(639g) Fluorescence Lifetime Sorting with A Frequency Domain Analysing Flow Cytometer
AIChE Annual Meeting
2011
2011 Annual Meeting
Food, Pharmaceutical & Bioengineering Division
Biosensors, Biodiagnosis and Bioprocess Monitoring
Thursday, October 20, 2011 - 10:20am to 10:40am
Background
The realm of chemical engineering is expanding rapidly and has incorporated into it principles of bio-engineering and biological techniques. One such method is flow cytometry and is used in research and diagnostic medicine to deduce information about cells or microparticles based upon their relative size, internal complexity and fluorescence character. This is determined by using hydrodynamic properties to focus a flowing stream of a sample of interest into a single flowline and individually interrogate across a Gaussian profile laser beam. From the scattered and fluoresced light we can determine things about the cells such as its place in the cell cycle, protein expression levels and surface marker characteristics. The “killer app” for flow cytometry came in the 1980’s when CD4+T-cell level determination led to a rapid and accurate determination of when HIV infection became full blown AIDS.
These measurements of fluoresced photons by a photodetector have served the cytometry community well in the past yet suffer from a very critical flaw. Fluorophores emit light over a broad spectral range and experimenters will often encounter spectral overlap from two emitting fluorescent species. When spectral overlap between fluorophores emitting in regions that exhibit cellular autofluorescence occurs there is a compounding issue whereby the exogenous signal cannot be separated from the endogenous fluorescence. Although mathematical compensation methods exist, they are only numerical subtractions and not true measurements.

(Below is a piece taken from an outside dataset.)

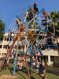 We also managed to cram in the last of our school (outdoor) events before the weather turned. One of the biggies every year is the Family Fun Fair. This is an event run by student council that raises money for organizations that the school supports. There is an entry fee and then you buy tickets to do certain things like play in the bouncy castle or, Gav’s personal favourite, ride the human powered Ferris Wheel. The Ferris Wheel is legendary, and kind of the symbol of the Fun Fair. It’s the main thing students remember year on year and the love to ride it and scream. To first timers this thing looks like an absolute death trap as it is powered by many men climbing up it in flip flops and then using their body weight to swing it down and around, leaping off at the very last second before the car behind them bashes their brains in. Gav is terrified of an accident happening but every one else loves it. Just to annoy him I signed up for Ferris Wheel duty which basically meant helping the guys who ran it load the cars so that the weight was evenly balanced. This meant that sometimes parties got split up. I had a 7th grade boy have to ride with a 2 year old girl he didn’t know tucked under his armpit (there are of course no seat belts, you are just instructed to “hang on tight.” He looked at me with terror in his eyes and said “what do I do if she cries???” She was totally fine, he shrieked the entire time.

In previous word, we have shown that the phase shift of each fluorophore can be measured to overcome the issues of spectral overlap by capturing the fluorescent molecule’s excited state lifetime. Our methods digitally capture amplified voltage waveforms from a cytometer’s detector. A Fourier transform and digital processing is done to extract the excited state lifetimes of fluorophores on flowing cells. In this contribution we present results for implementing the digital methods with sorting of cells and fluorescence microspheres
Material & Methods
The testbed for this experiment was a modified commercial sorting flow cytometer. We replaced the stock laser lines with solid state lasers that can either be directly modulated or modulated using an electro-optic modulator to impart periodic wave characteristics into the beam. This allows for single and multiple harmonic information to be imparted into the signal for Fourier analysis. Signals are routed from the cytometer photodetectors through high frequency amplifiers and into a specialized data acquisition system. It is within this system that standard cytometric data is recorded and the Fourier transform on the signals is done to extract out the phase information at signal harmonics of interest. The recorded phase, at a particular frequency, is proportional to the excited state fluorescence lifetime of a fluorophore.
The phase shift is a measure of how much a periodic signal lags to a reference. The degree of lag of an excited state fluorescence process only equates to a measure in the tens of nanoseconds, and a high frequency signal is needed in order to determine a phase shift that can be discerned by sampling equipment.
Our investigation is of a set of two fluorescent microspheres whose lifetimes have previously been individually measured on our system. By using modulation levels in the megahertz range we are able to quantify and distinguish between the excited state lifetimes of the two microspheres and set up gating regions to send back to the sorting cytometer. This instrument is then able to utilize an electro-static deflection system to deflect droplets created by a piezo-electric resonator from the flowing stream of the cytometer, into specific bins. These samples are then tested for sort purity by analysis on a separate dedicated analysis cytometer.
Results
With these approaches we demonstrate that using frequency domain techniques can lead to the ability to distinguish different fluorophores based solely on their excited state fluorescence lifetime. Additionally we show that it is possible to not only distinguish in software, but to redirect signals back to a sorting cytometer and be able to sort microparticles based upon fluorescence lifetime characteristics. Ultimately these techniques can be implemented in commercial cytometry and expand the functionality of instruments by allowing for intensity and temporal characteristics to be used to distinguish between fluorophores in cellular systems to aid in research and diagnostics.